YOUR TASK: In the entries below, find the line containing "Figure 1. Comparison" and the line containing "Matt lacquered green X049". Copy those two lines and everything between them exactly, and only that.

GIVEN RECORDS:
----------------------------------------
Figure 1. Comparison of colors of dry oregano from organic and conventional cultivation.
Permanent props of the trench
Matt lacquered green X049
----------------------------------------
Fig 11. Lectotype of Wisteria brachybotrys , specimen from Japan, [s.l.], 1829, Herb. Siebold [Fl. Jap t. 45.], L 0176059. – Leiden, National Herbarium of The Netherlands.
----------------------------------------
RESULT:
Figure 1. Comparison of colors of dry oregano from organic and conventional cultivation.
Permanent props of the trench
Matt lacquered green X049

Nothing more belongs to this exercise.